Records contained in a dataset:
%%
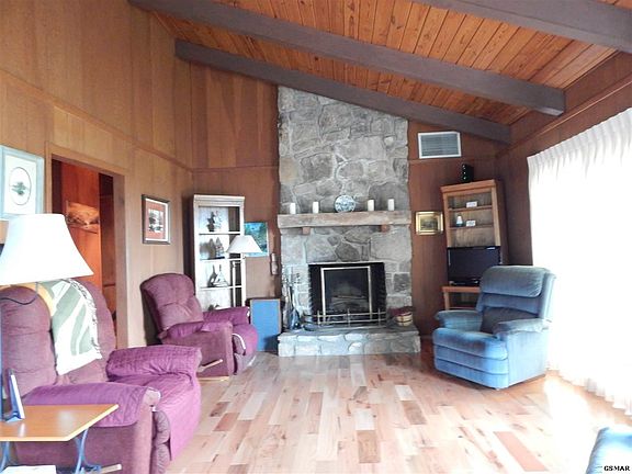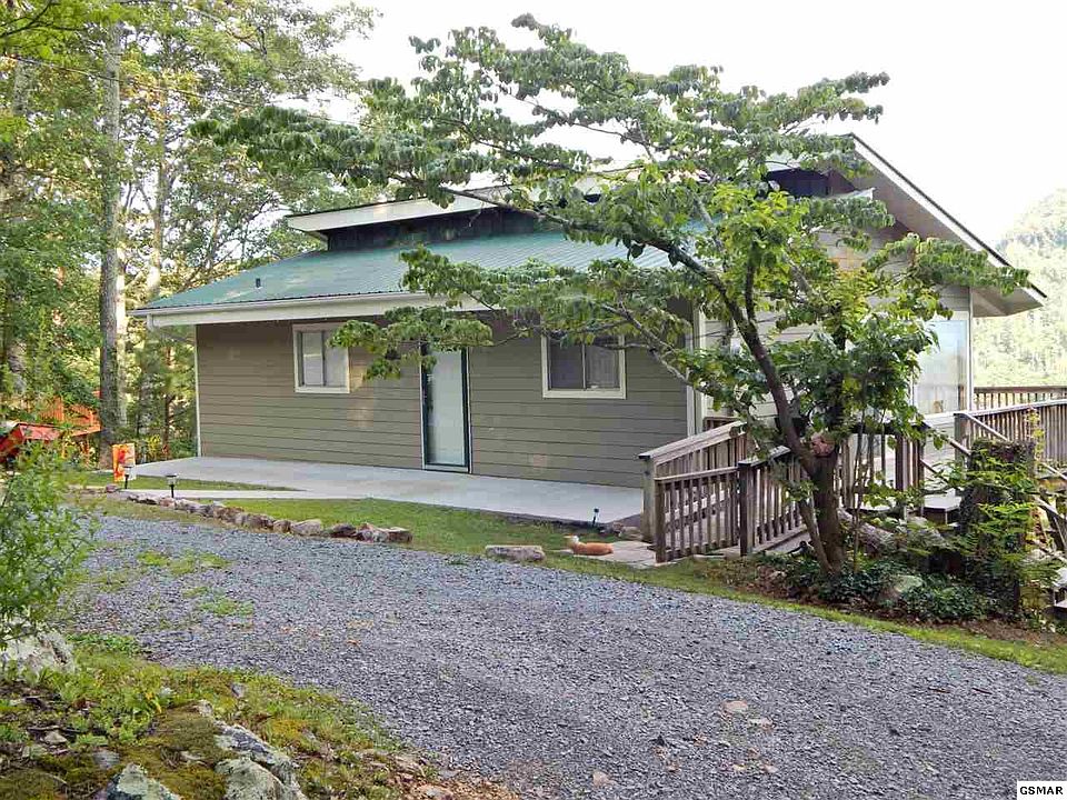 1212 Lakeside CT, Sevierville, TN 37876 is a delightful 2 bedroom, 2 bath get away with a breathtaking, panoramic mountain view nestled on two lots in English Mountain S/D. Beautiful gleaming hardwood floors in main living areas. Newer roof, windows, patio doors, Hardee Plank siding and Heating & Air Unit. Wood-burning fireplace. 2 covered wrap around decks to enjoy the mountain view! Most furniture stays. One bedroom and bathroom on each level. Both bathrooms have been renovated! There is a large Bonus Room on the lower level to entertain or for your guests to enjoy their privacy. The adjoining lot has a turn around and room for additional parking. HOA fee on all 3 lots is $50.00/year. Lot 5 across the street has a 1 bedroom septic installed and is available with the purchase of the home for an additional $10,500.00. Lot 5 will not be sold separately, so and you would own the lots at the end of the road.
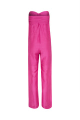 Macacão frente única tomara que caia pantalona. Drapeado no busto. Faixa removível no decote com possibilidade de diferentes amarrações.
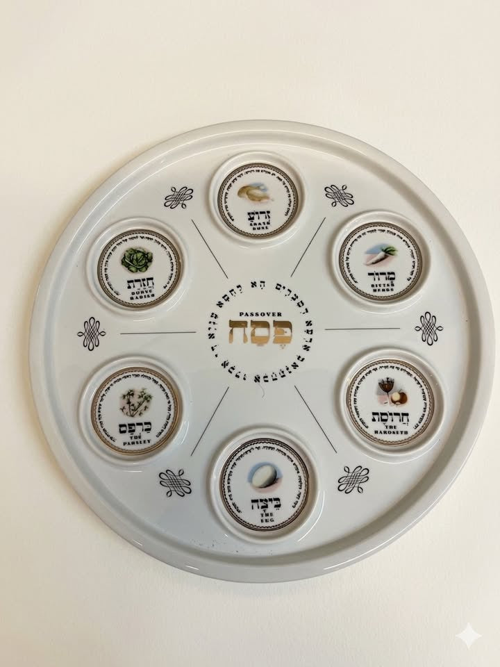 הצלחת כוללת שישה שקעים עם הדפס של מרכיבי הסדר בעברית ובאנגלית בסגנון וינטג׳
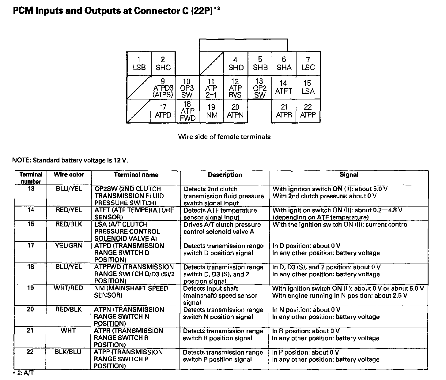 PCM Inputs And Outputs At Connector C (22P) Part 1:
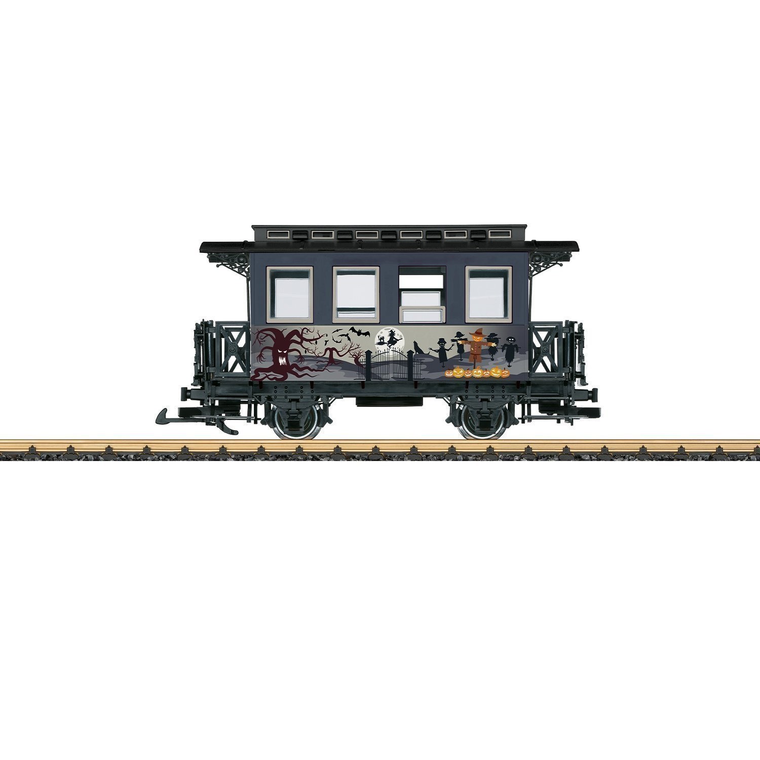 Modell eines zweiachsigen Personenwagens in der Gestaltung passend zu Halloween. Türen zum Öffnen, Metall-Scheibenradsätze. Länge über Puffer 30 cm.
%%
**EXERCISE BRIEF:**
Output each entry shown above exactly as it stands, with all pictures removed.

**TASK OUTPUT:**
 1212 Lakeside CT, Sevierville, TN 37876 is a delightful 2 bedroom, 2 bath get away with a breathtaking, panoramic mountain view nestled on two lots in English Mountain S/D. Beautiful gleaming hardwood floors in main living areas. Newer roof, windows, patio doors, Hardee Plank siding and Heating & Air Unit. Wood-burning fireplace. 2 covered wrap around decks to enjoy the mountain view! Most furniture stays. One bedroom and bathroom on each level. Both bathrooms have been renovated! There is a large Bonus Room on the lower level to entertain or for your guests to enjoy their privacy. The adjoining lot has a turn around and room for additional parking. HOA fee on all 3 lots is $50.00/year. Lot 5 across the street has a 1 bedroom septic installed and is available with the purchase of the home for an additional $10,500.00. Lot 5 will not be sold separately, so and you would own the lots at the end of the road.
 Macacão frente única tomara que caia pantalona. Drapeado no busto. Faixa removível no decote com possibilidade de diferentes amarrações.
 הצלחת כוללת שישה שקעים עם הדפס של מרכיבי הסדר בעברית ובאנגלית בסגנון וינטג׳
 PCM Inputs And Outputs At Connector C (22P) Part 1:
 Modell eines zweiachsigen Personenwagens in der Gestaltung passend zu Halloween. Türen zum Öffnen, Metall-Scheibenradsätze. Länge über Puffer 30 cm.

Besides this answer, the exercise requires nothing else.